Sunday, February 12, 2012

Sonata de las Malvinas


Claudio Ferrufino-Coqueugniot

Con Nicolás Alejo, que hoy vive en Italia, quedamos en vernos en la Facultad de Humanidades. El día anterior, el beodo Galtieri había invadido las islas Falkland, en el Atlántico sur, para restituirles el nombre de Malvinas y recuperar soberanía sobre territorio usurpado. Eso decían, e iba acorde con la larga lista de políticos que usufructuaron el tema para ganar posiciones. 1982, los milicos argentinos sentían temblar el suelo a sus pies. Tanto asesinato no podía eternizarse. Para recuperarse decidieron la aventura; nada mejor que azuzar lo patriótico para esconder la verdad.

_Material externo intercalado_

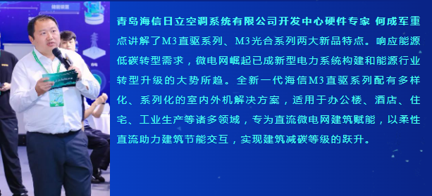 展会期间,海信中央空调重磅举行M3直驱系列、M3光合系列新品发布会,多位嘉宾出席,共见“光”芒,共“碳”未来。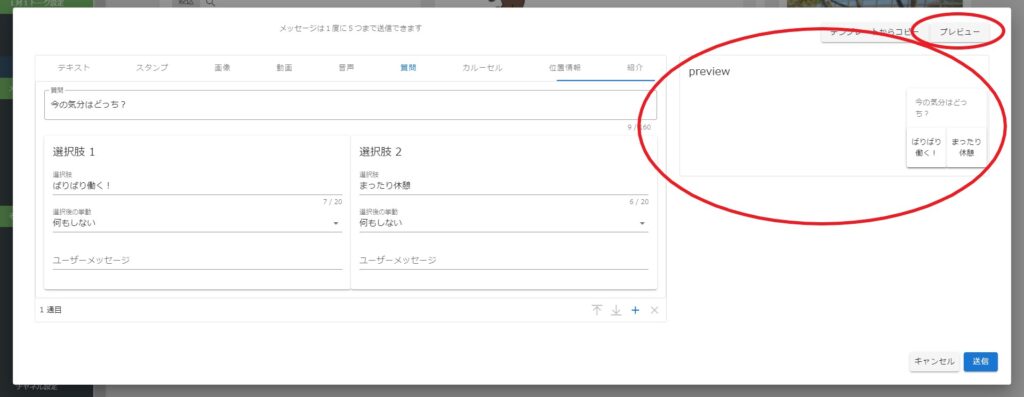 選択肢の数が2つまでの場合は【質問】機能が適しており、3つ以上の場合は【カルーセル】機能の利用がおすすめです!

Cuando Gran Bretaña contestó, se alzó un clamor en América Latina y, aunque la prudencia y el odio a los militares aconsejaban lo contrario, decidimos con Nicolás anotarnos de voluntarios para ir -ficción narrativa- a combatir. El espíritu del pequeño condotiero, como se autodenominó Guevara, ejercía en nosotros fórmulas que llamaban irremisiblemente al desastre.


Y ahí aparecemos, en la esquina de la calle Antezana y la avenida Salamanca, miembros de una fila con centena de jóvenes de diverso color y contextura. Imagen que se calcaba en todas las embajadas y consulados argentinos a lo largo del continente. Alejo, que estaba antes que yo, acercóse al funcionario que anotaba al lapicero nombre, edad, dirección y arma en la que había servido, si tenía experiencia militar. Póngale artillería.


Me tocó el turno. Cuando me presenté a “servir a la patria”, a mis dieciocho cumplidos, la orden paterna indicaba que jamás un hijo suyo pasaría por la mierda que viviera él en el cuartel. "Bastante conmigo": claro y conciso. Tuve que aguantar la humillación de corretear desnudo por la base aérea, sufrir el escarnio de los oficiales y soldados antiguos. En el fondo permanecía tranquilo, ya había pagado a un capitán para que me sacase inhábil para el servicio. Ese era el gran negocio. Soldado el pueblo humilde. Los señoritos comprábamos la libreta y salíamos con pie plano colectivo. La institución tutelar, como tienen a bien llamarla, no era más que mercado de triquiñuelas y confites. Corrupción general, desde arriba hasta el médico que te palpaba los huevos buscando nunca imaginé qué.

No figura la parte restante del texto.